Problem details. Every entry in the data that follows should come back exactly, pictures aside.

++++

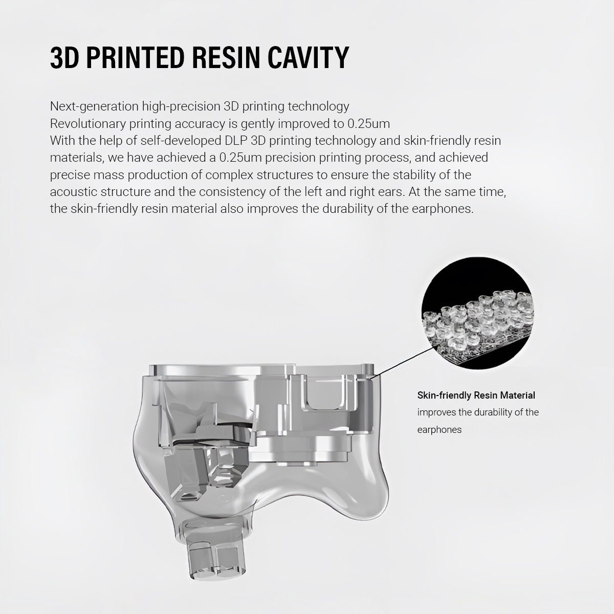 耳機外殼使用高精度DLP 3D列印樹脂技術,達到0.25μm的精度,左右腔體一致性優異。親膚材質提升了佩戴舒適度與耐用性,搭配人體工學外型設計,長時間配戴依然穩固舒適。透明3D列印樹脂腔體清楚展現內部精密結構,獨立嵌入式金屬導音嘴提升耐用性和聲音精確度。這種深思熟慮的材質與設計元素組合,造就了一款在視覺上吸引人且在功能上卓越的產品。
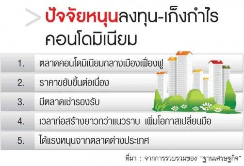 กระแสการลงทุนหรือเก็งกำไรในตลาดคอนโดมิเนียมดังที่กล่าวมานั้น มีแรงหนุน จาก 5 ปัจจัยหลัก (ดูตารางประกอบ) โดยในช่วง 7-8 ปี ที่ผ่านมา ตลาดคอนโดมิเนียมแนวรถไฟฟ้ากลางเมือง และส่วนต่อขยายเติบโตอย่างน่าตื่นใจ โดยปี 2551 คอนโดมิเนียมเข้าตลาด 15,000 หน่วย ก่อนเพิ่มเป็น 50,000 หน่วยต่อปีโดยเฉลี่ยในปัจจุบัน การเติบโตของตลาดทำให้ราคาคอนโดมิเนียมขยับขึ้นอย่างต่อเนื่อง มีตลาดเช่ารองรับโดยเฉพาะตลาดต่างชาติ เช่น ตลาดเช่าเริ่มขยายจากย่านสุขุมวิทเข้าไปสู่ย่านอ่อนนุช ทำให้ราคาเช่าบริเวณดังกล่าวปรับสูงขึ้น 13 % ( ทีมา: พลัส พร็อพเพอร์ตี้) 4.การก่อสร้างคอนโดมิเนียมที่ระยะเวลาก่อสร้างต้องใช้เวลา 2 ปีโดยเฉลี่ย ทำให้มีช่วงเวลาเปลี่ยนมือ (ขายใบจอง หรือ ขายดาวน์) ง่ายกว่าอสังหาริมทรัพย์แนวราบ
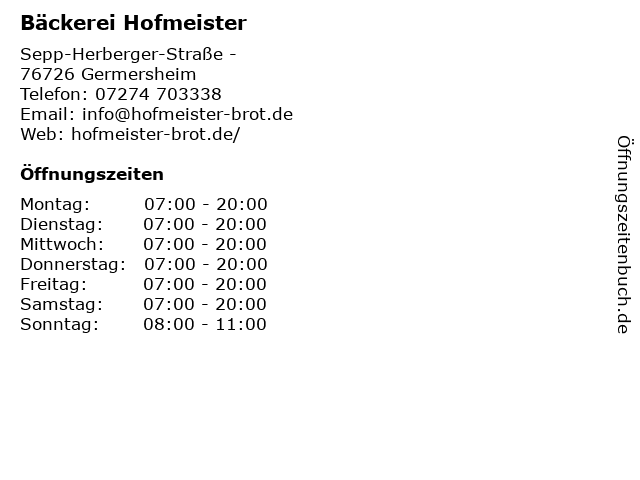 | Öffnungszeiten Bäckerei Hofmeister in Germersheim anzeigen | |
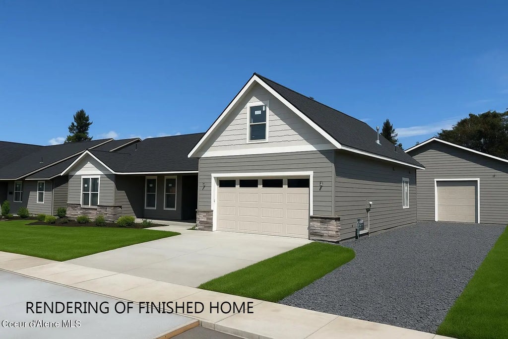 Beautifully designed home nearing completion in a desirable new community close to I-90, Highlands, and other amenities! Thoughtfully laid out main level features an open kitchen, dining, and living space, along with two bedrooms, a full bath, and a spacious master suite with dual closets and private bath. Enjoy touches like a gas fireplace and granite countertops in the kitchen. Upstairs includes a bonus room, fourth bedroom, and full bath with its own thermostat—perfect for guests or extra living space. Generous 30' x 36' shop and a great yard for outdoor fun. Finished very soon!
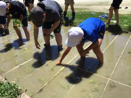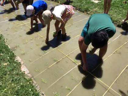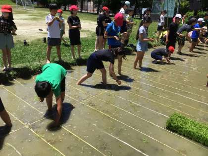 縦と横にロープを張り、間隔に気をつけながら丁寧に植えました。
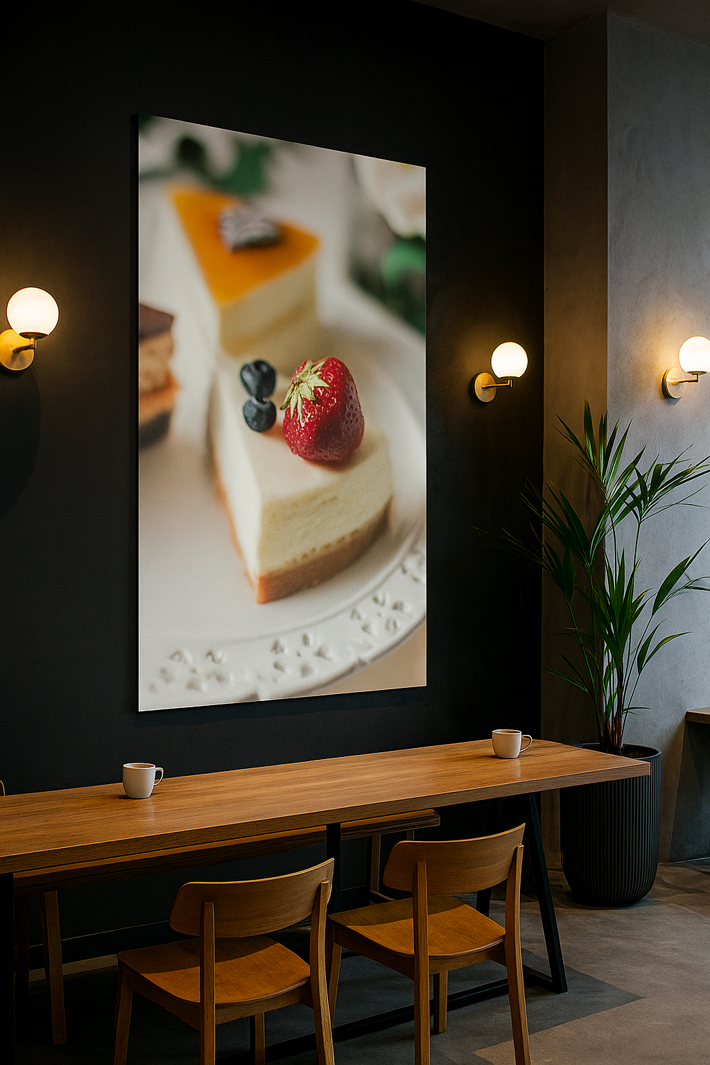 Transform your retail space with this captivating wall painting featuring a delectable piece of cake. This artistic composition brings warmth and visual interest to any storefront, creating an inviting atmosphere that resonates with customers. The expertly rendered imagery combines culinary appeal with fine art aesthetics, making it an ideal choice for bakeries, cafés, or boutiques seeking to enhance their interior design. A sophisticated statement piece that elevates your brand's ambiance while celebrating the artistry of craftsmanship.
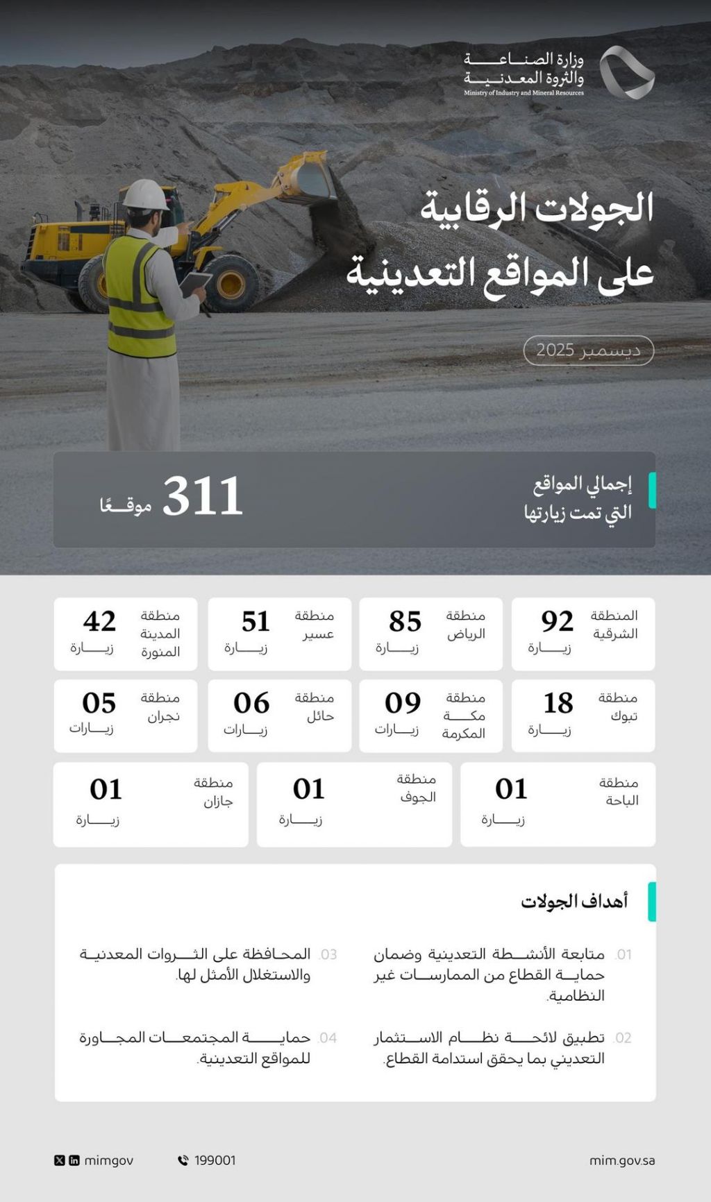 نفذت وزارة الصناعة والثروة المعدنية -ممثلة في وكالة الإشراف على العمليات التعدينية- 311 جولة رقابية على عددٍ من المواقع التعدينية في مختلف مناطق المملكة خلال شهر ديسمبر 2025.
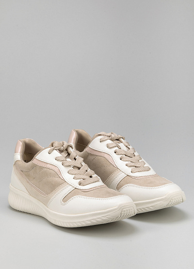 • Комбинированные женские кроссовки от бренда Tamaris. Закругленный носок. Открытая шнуровка в тон. Плоская рифленая подошва.
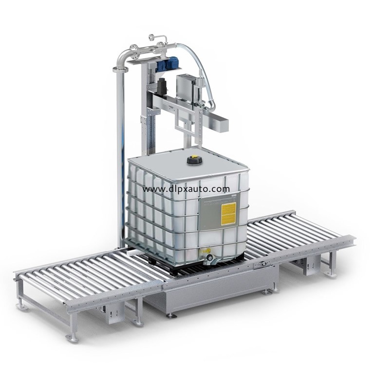 人工將空桶放到空桶暫存區(qū),自動輸送到秤臺上,,然后點擊啟動按鈕,儀表首先判桶并扣除空桶皮重,灌裝頭插入桶內(nèi)打開進入快速落料,當達到慢進料設(shè)定重量時,自動轉(zhuǎn)為慢速落料。當重量達到目標值時停止落料,此時灌裝頭復(fù)位到初始位置,儀表回皮顯示總重,自動輸送到成品暫存區(qū),待叉車取走,整個動作流程結(jié)束。
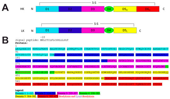 (A) Human plasma kininogen showing alternative splicing products of KNG1 gene messenger RNA–HK and LK. Both forms of protein have similar D1, D2, D3, and D4 domains, but different D5 domains. Domain 6 is absent in LK and the molecular weight of this form is lower than that of HK. (B) Human HK amino acid sequence according to UniProt P01042 with the indication of domains. N-terminus and C-terminus marked by corresponding letters. Disulfide (SS) bonds between the respective domains are marked.

++++

Result of this task.
 耳機外殼使用高精度DLP 3D列印樹脂技術,達到0.25μm的精度,左右腔體一致性優異。親膚材質提升了佩戴舒適度與耐用性,搭配人體工學外型設計,長時間配戴依然穩固舒適。透明3D列印樹脂腔體清楚展現內部精密結構,獨立嵌入式金屬導音嘴提升耐用性和聲音精確度。這種深思熟慮的材質與設計元素組合,造就了一款在視覺上吸引人且在功能上卓越的產品。
 กระแสการลงทุนหรือเก็งกำไรในตลาดคอนโดมิเนียมดังที่กล่าวมานั้น มีแรงหนุน จาก 5 ปัจจัยหลัก (ดูตารางประกอบ) โดยในช่วง 7-8 ปี ที่ผ่านมา ตลาดคอนโดมิเนียมแนวรถไฟฟ้ากลางเมือง และส่วนต่อขยายเติบโตอย่างน่าตื่นใจ โดยปี 2551 คอนโดมิเนียมเข้าตลาด 15,000 หน่วย ก่อนเพิ่มเป็น 50,000 หน่วยต่อปีโดยเฉลี่ยในปัจจุบัน การเติบโตของตลาดทำให้ราคาคอนโดมิเนียมขยับขึ้นอย่างต่อเนื่อง มีตลาดเช่ารองรับโดยเฉพาะตลาดต่างชาติ เช่น ตลาดเช่าเริ่มขยายจากย่านสุขุมวิทเข้าไปสู่ย่านอ่อนนุช ทำให้ราคาเช่าบริเวณดังกล่าวปรับสูงขึ้น 13 % ( ทีมา: พลัส พร็อพเพอร์ตี้) 4.การก่อสร้างคอนโดมิเนียมที่ระยะเวลาก่อสร้างต้องใช้เวลา 2 ปีโดยเฉลี่ย ทำให้มีช่วงเวลาเปลี่ยนมือ (ขายใบจอง หรือ ขายดาวน์) ง่ายกว่าอสังหาริมทรัพย์แนวราบ
 | Öffnungszeiten Bäckerei Hofmeister in Germersheim anzeigen | |
 Beautifully designed home nearing completion in a desirable new community close to I-90, Highlands, and other amenities! Thoughtfully laid out main level features an open kitchen, dining, and living space, along with two bedrooms, a full bath, and a spacious master suite with dual closets and private bath. Enjoy touches like a gas fireplace and granite countertops in the kitchen. Upstairs includes a bonus room, fourth bedroom, and full bath with its own thermostat—perfect for guests or extra living space. Generous 30' x 36' shop and a great yard for outdoor fun. Finished very soon!
 縦と横にロープを張り、間隔に気をつけながら丁寧に植えました。
 Transform your retail space with this captivating wall painting featuring a delectable piece of cake. This artistic composition brings warmth and visual interest to any storefront, creating an inviting atmosphere that resonates with customers. The expertly rendered imagery combines culinary appeal with fine art aesthetics, making it an ideal choice for bakeries, cafés, or boutiques seeking to enhance their interior design. A sophisticated statement piece that elevates your brand's ambiance while celebrating the artistry of craftsmanship.
 نفذت وزارة الصناعة والثروة المعدنية -ممثلة في وكالة الإشراف على العمليات التعدينية- 311 جولة رقابية على عددٍ من المواقع التعدينية في مختلف مناطق المملكة خلال شهر ديسمبر 2025.
 • Комбинированные женские кроссовки от бренда Tamaris. Закругленный носок. Открытая шнуровка в тон. Плоская рифленая подошва.
 人工將空桶放到空桶暫存區(qū),自動輸送到秤臺上,,然后點擊啟動按鈕,儀表首先判桶并扣除空桶皮重,灌裝頭插入桶內(nèi)打開進入快速落料,當達到慢進料設(shè)定重量時,自動轉(zhuǎn)為慢速落料。當重量達到目標值時停止落料,此時灌裝頭復(fù)位到初始位置,儀表回皮顯示總重,自動輸送到成品暫存區(qū),待叉車取走,整個動作流程結(jié)束。
 (A) Human plasma kininogen showing alternative splicing products of KNG1 gene messenger RNA–HK and LK. Both forms of protein have similar D1, D2, D3, and D4 domains, but different D5 domains. Domain 6 is absent in LK and the molecular weight of this form is lower than that of HK. (B) Human HK amino acid sequence according to UniProt P01042 with the indication of domains. N-terminus and C-terminus marked by corresponding letters. Disulfide (SS) bonds between the respective domains are marked.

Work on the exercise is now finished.